■ Material provided

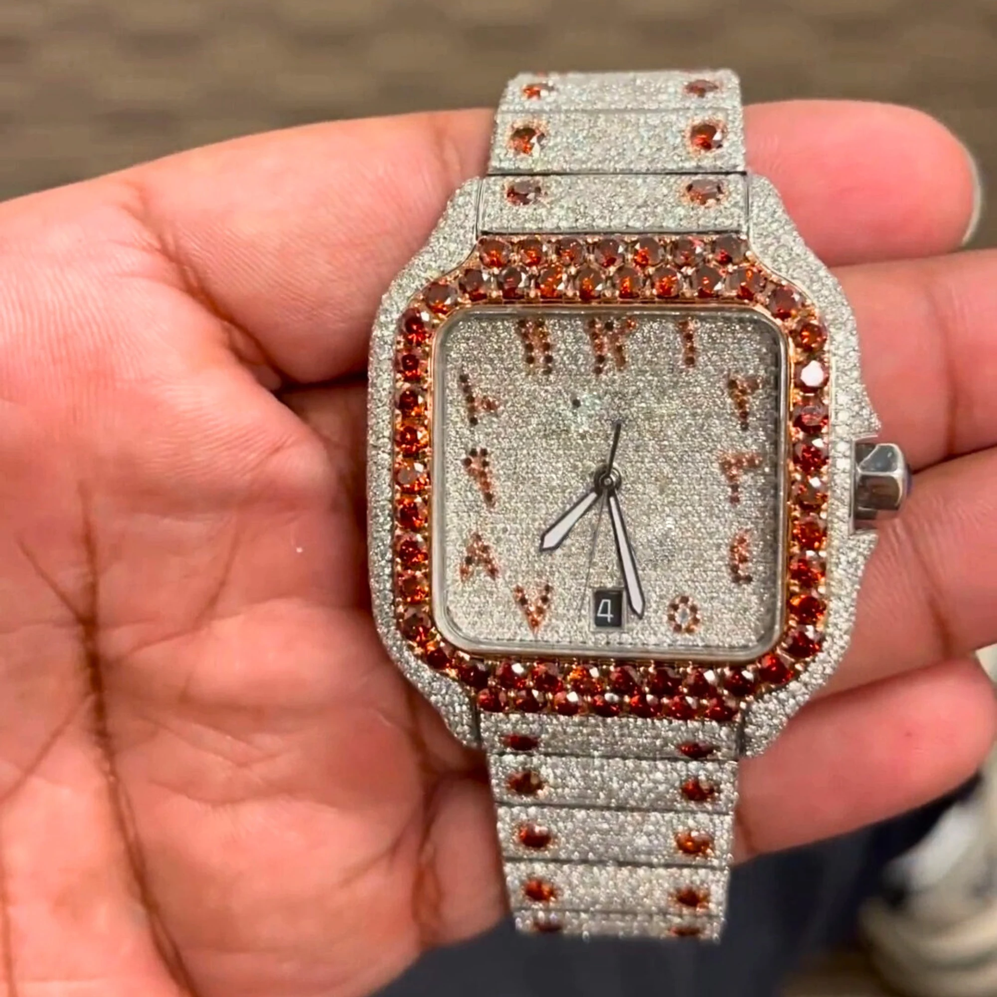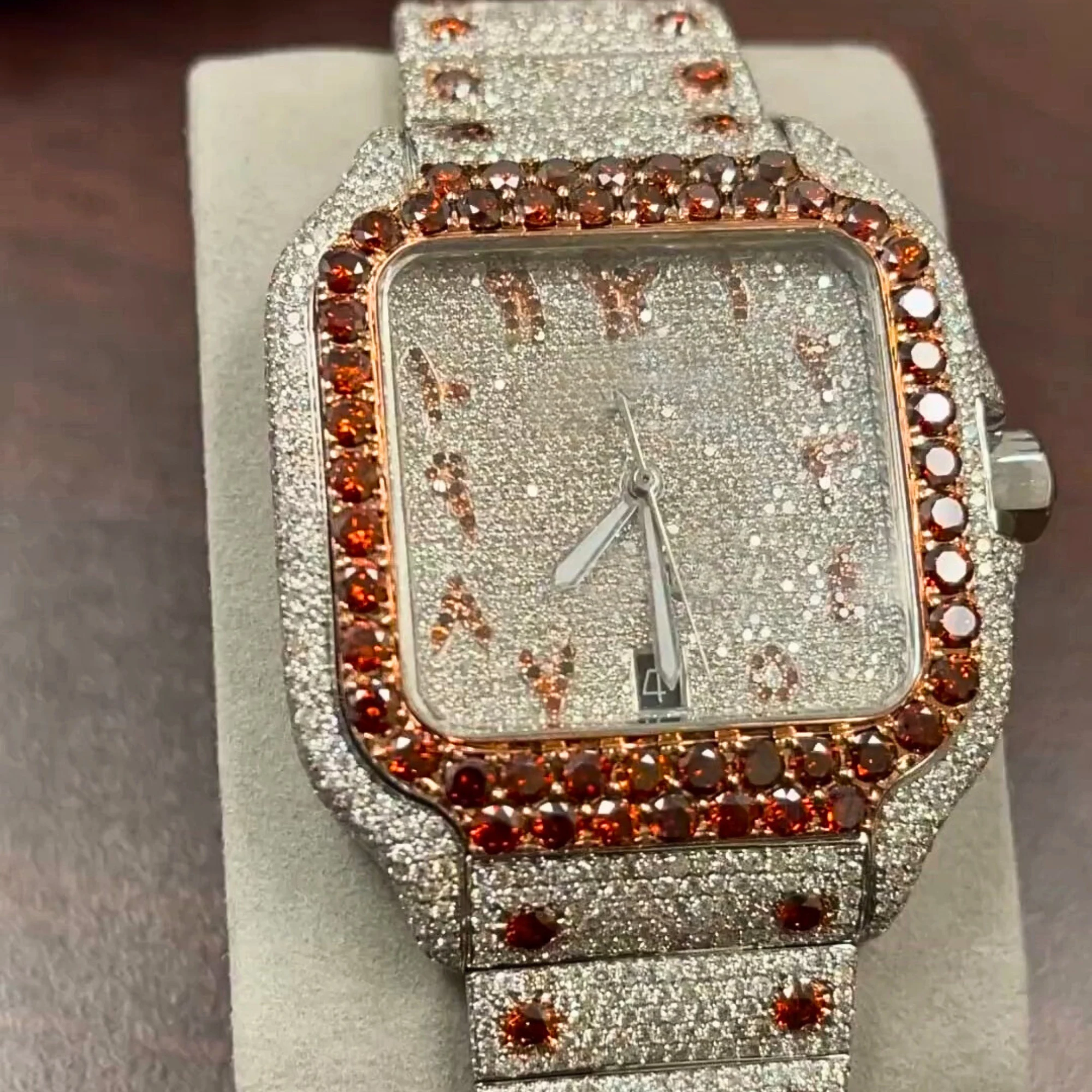 Top Brand Custom Luxury Bling Quartz Iced Out Round Men Hip Hop Full Black Stainless Steel Belt Moissanite Diamond Wristwatch
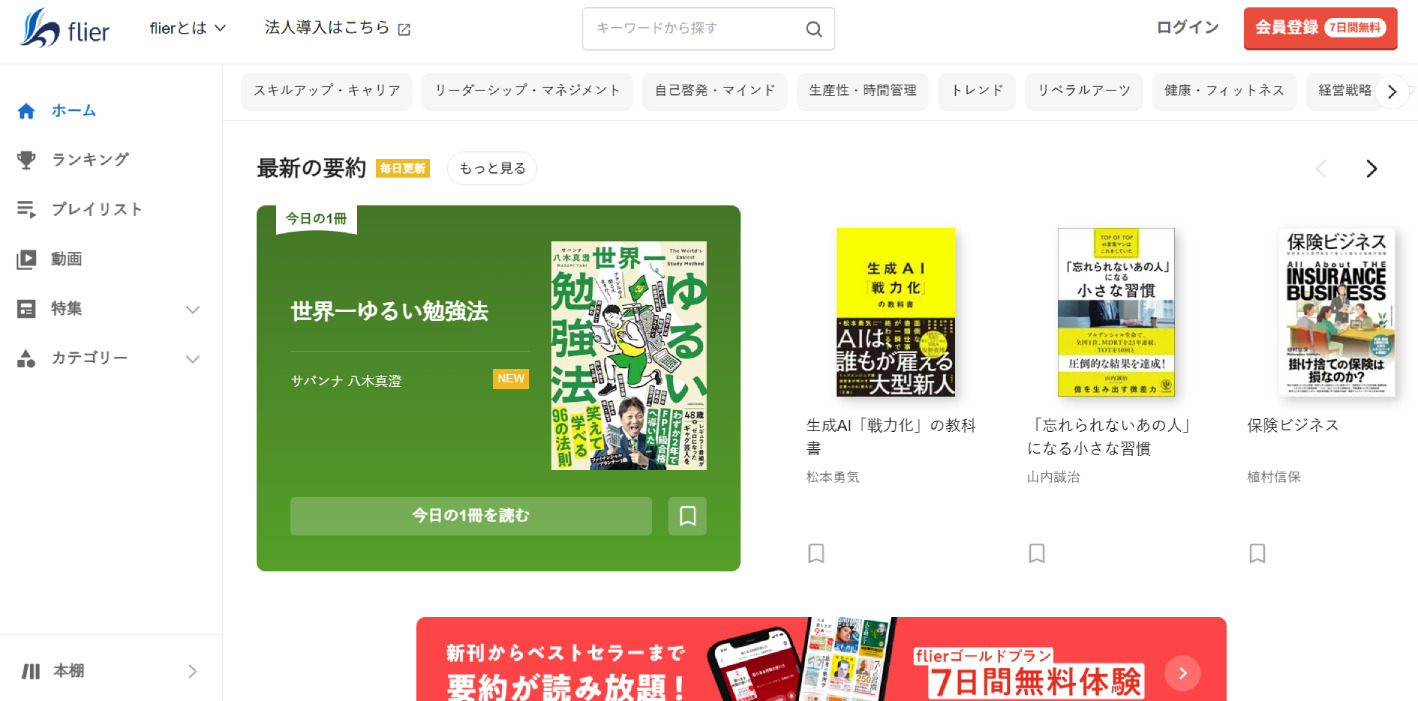flier(フライヤー)は、ビジネス書・実用書・教養書を中心に、1冊約10分で読める要約を提供する読書支援サービスだ。
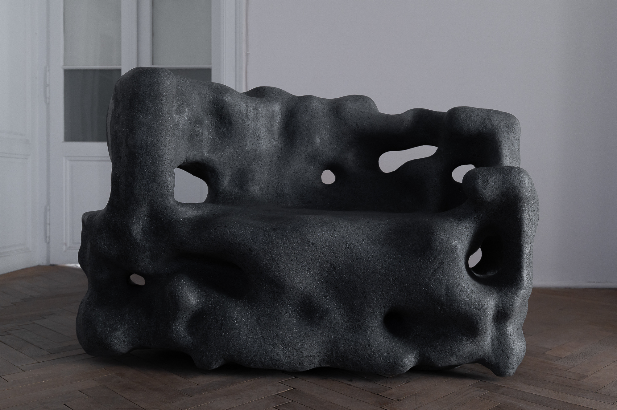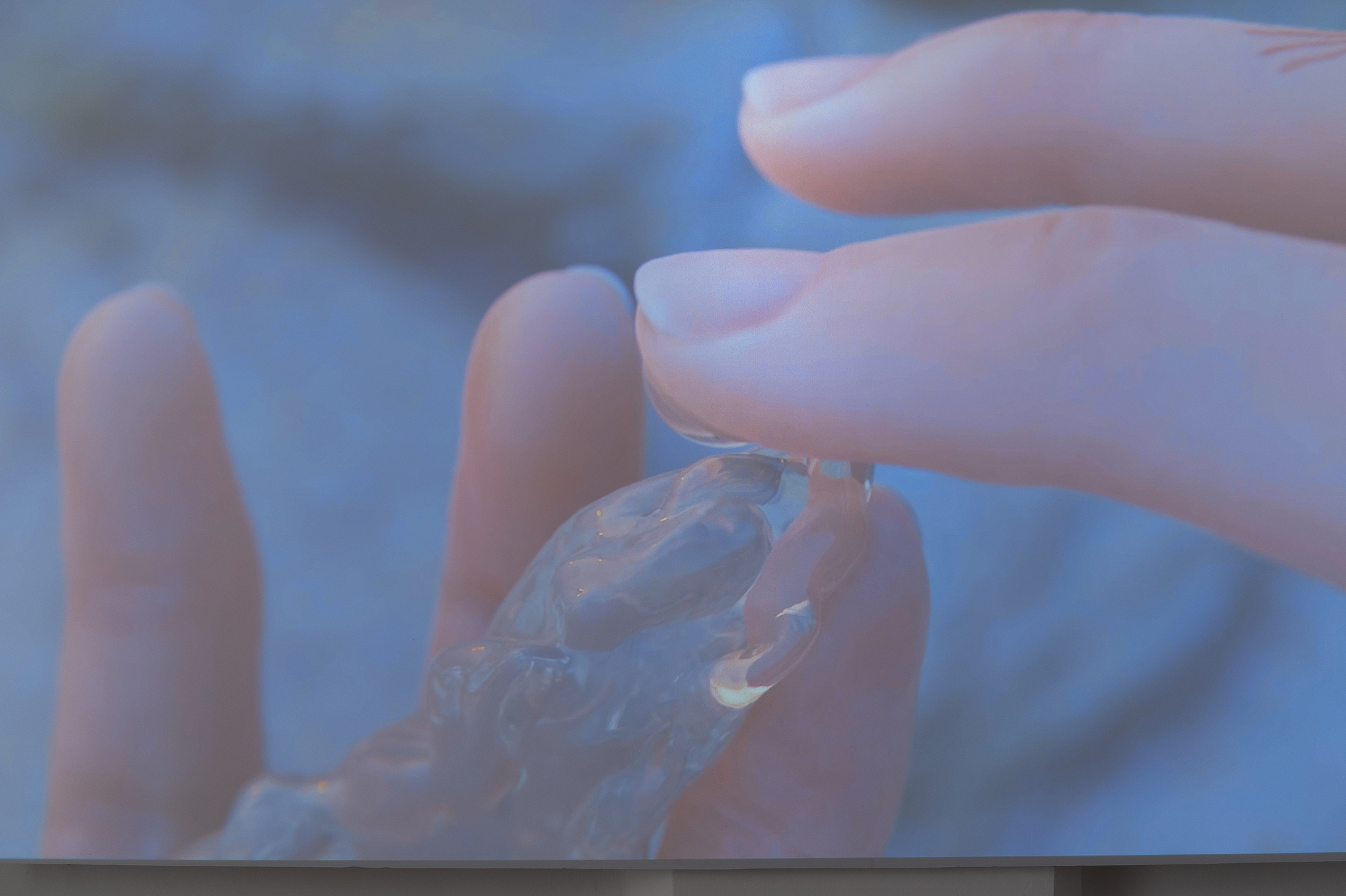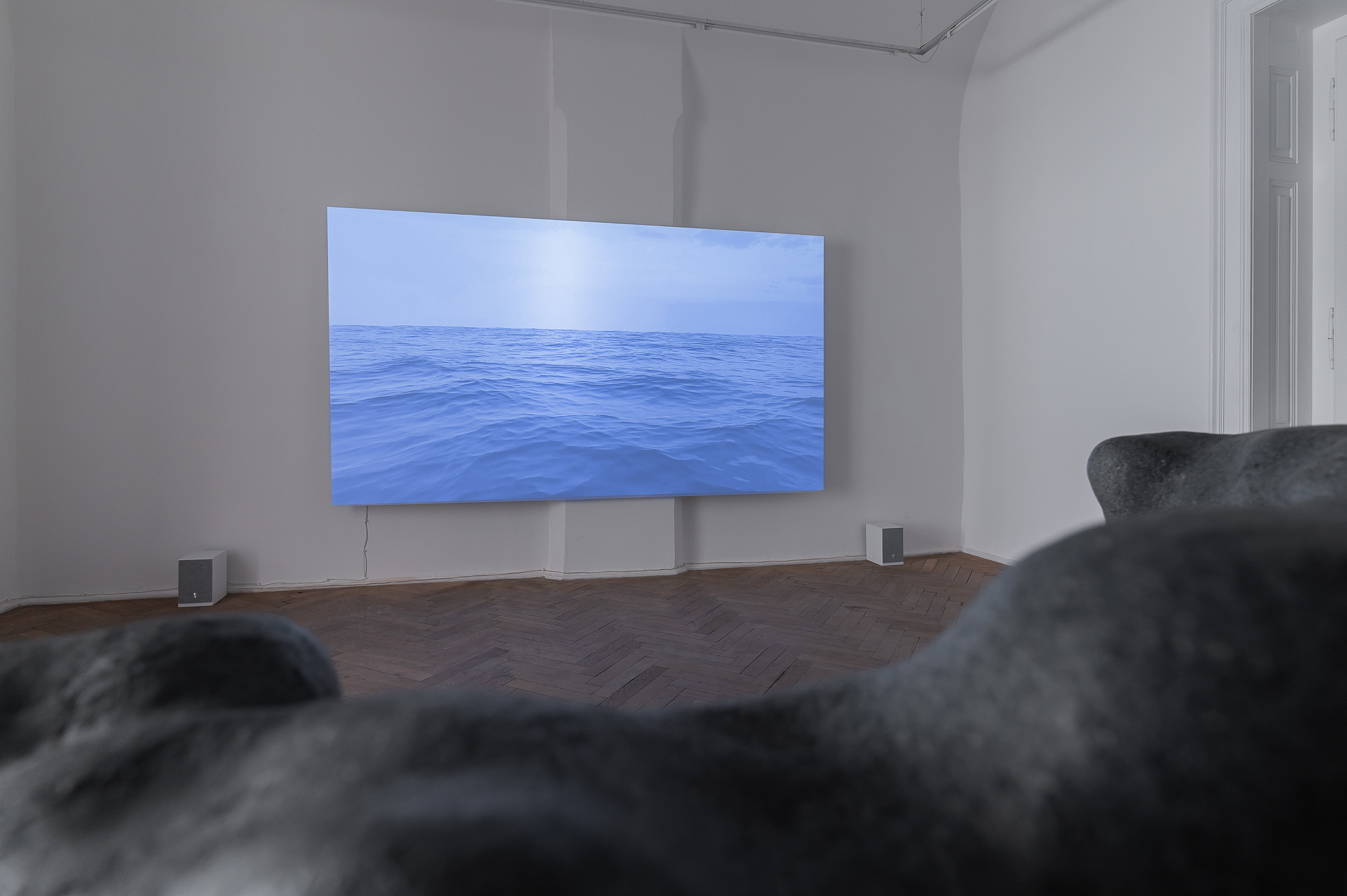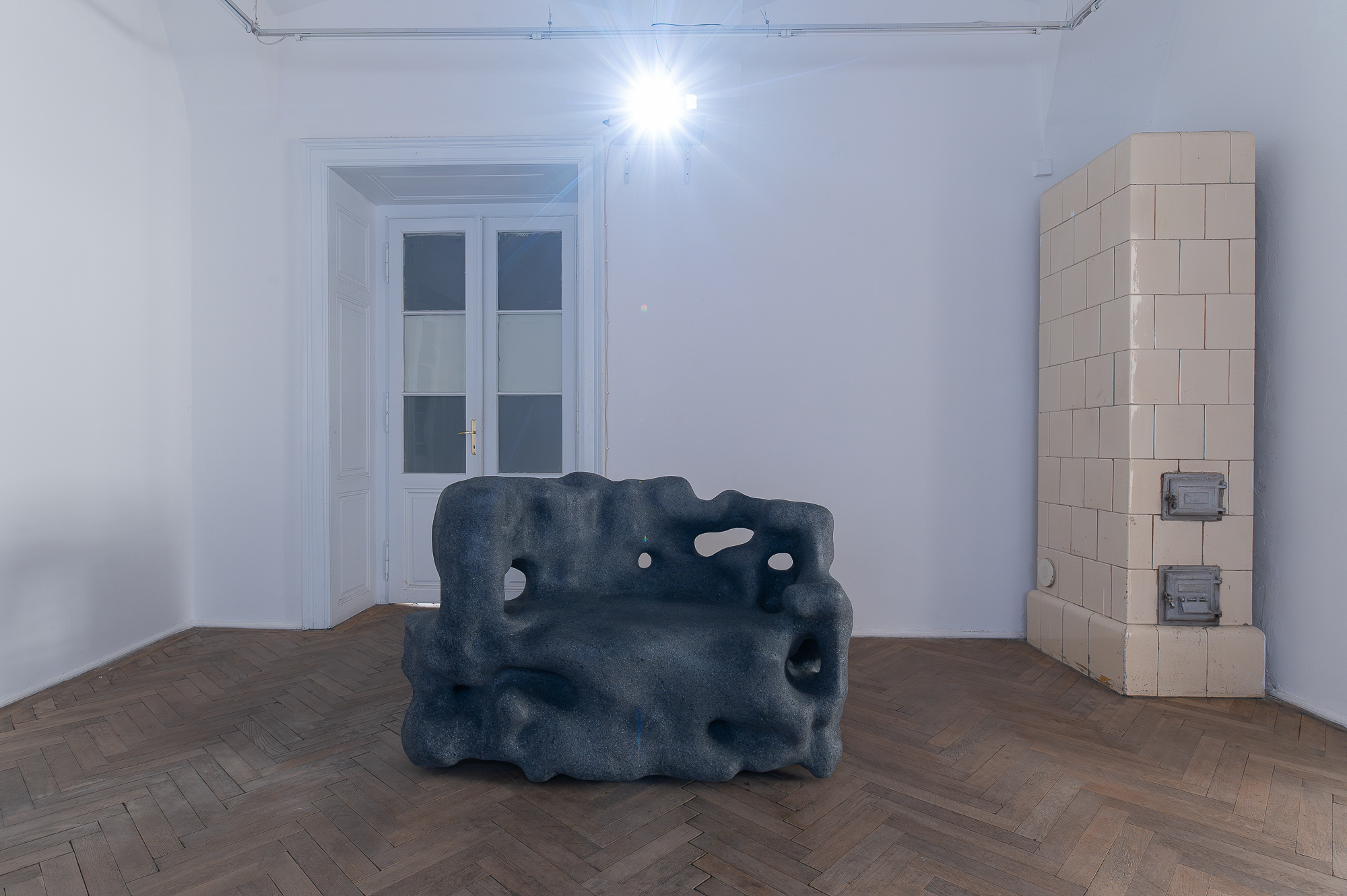 the presented video artwork. For Malinowska, the starting point was the story of Medusa from Greek mythology. However, this narrative almost completely disappears in the video and the artist points the limelight on a living actor – the jellyfish that is able to reverse its life cycle. In this backstory we can find, among other things, a hidden and non-invasive critique of the understanding of death in Western philosophy. The work bears elements of dreamy fiction, emphasizing the overall visual atmos- phere rather than the logical sequence of the narration. It was created in collaboration with Andrej Žabkay (audio) and Vladimíra Vrbiňáková (ed- iting). The video is complemented by a design furniture piece Physaria Chair (2023) by Barbora Hagara and Data[LAB] (FAD STU), whose shape is inspired by the growth of an organism.

■ Try it
Copy exactly, and only, the lines from the first line of the material through the line that contains "flier(フライヤー)は、", both ends kept; no pictures.

■ Task output
 Top Brand Custom Luxury Bling Quartz Iced Out Round Men Hip Hop Full Black Stainless Steel Belt Moissanite Diamond Wristwatch
flier(フライヤー)は、ビジネス書・実用書・教養書を中心に、1冊約10分で読める要約を提供する読書支援サービスだ。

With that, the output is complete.